Nalini Malani gets yearlong solo show
Malani's works may not command record prices in India, yet she has lately received international attention a scale few South Asians have.
Prophets are sometimes honoured more abroad than at home - as is the case with Indian artist Nalini Malani, whose solo year-long show opens Aug 23 at the Peabody Essex Museum (PEM) here.

Malani's works may not command record prices at auctions in India, yet she has lately received international attention on a scale few South Asians have.
"Malani's art, with its strong content, is becoming very important internationally," said Susan Bead, curator of Exposing the Source: The paintings of Nalini Malani show.

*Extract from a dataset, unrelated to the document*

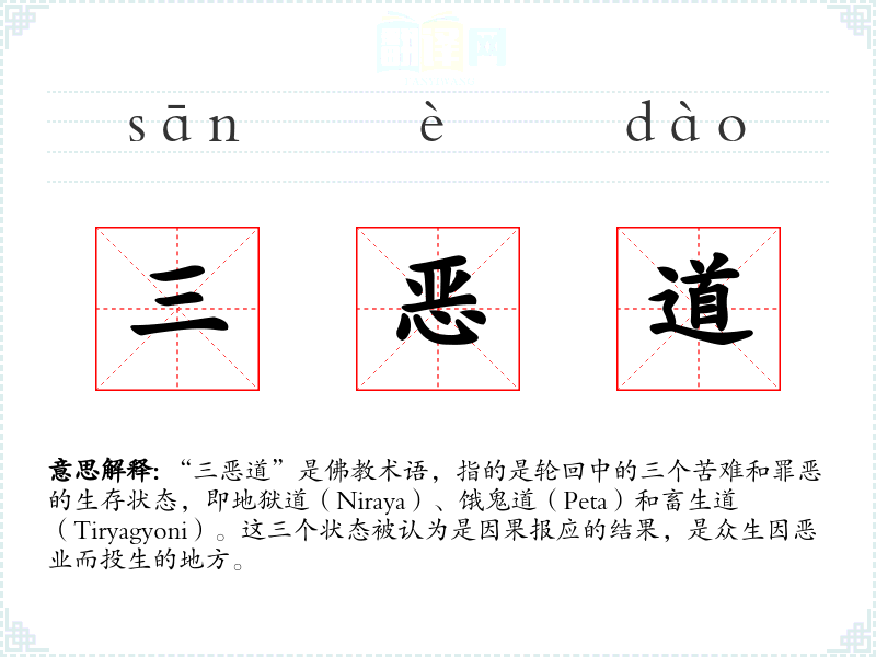 - 反义词:三善道(即天道、人道、阿修罗道,是**中认为的较好的生存状态)

Malani, born in Karachi just a year before India's independence in 1947, seems to burn with anger at the trauma of the country's partition. Too strong perhaps for hanging in one's living room, Malani's work is developing towards public forms that disturb and challenge the viewer.

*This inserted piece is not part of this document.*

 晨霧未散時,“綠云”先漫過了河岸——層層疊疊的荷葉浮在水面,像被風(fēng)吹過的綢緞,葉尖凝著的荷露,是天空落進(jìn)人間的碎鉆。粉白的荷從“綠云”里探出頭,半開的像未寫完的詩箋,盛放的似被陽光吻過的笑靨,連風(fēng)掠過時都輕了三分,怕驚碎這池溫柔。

For example, in the 1988 painting "On Secularism", a nude figure carries another naked man away from what appears to be a Hindu-Muslim clash, with grim figures, presumably politicians, in the foreground - hardly the kind of painting to brighten up a living room.
Malani's will be no ordinary show, Bead pointed out. Considering the venue, the number of works and the show's sheer length - it will run from Aug 23, 2005 to Aug 22, 2006 - it will be a landmark exhibition by a contemporary Indian artist, Bead added.
An indefatigable experimenter with new materials and media, Malani has been featured in such path-breaking international exhibitions as Century City (Tate Modern, 2000) and Unpacking Europe (Museum Boymans-van Beuningen, 2001). One of her installations is at this year's Venice Biennale.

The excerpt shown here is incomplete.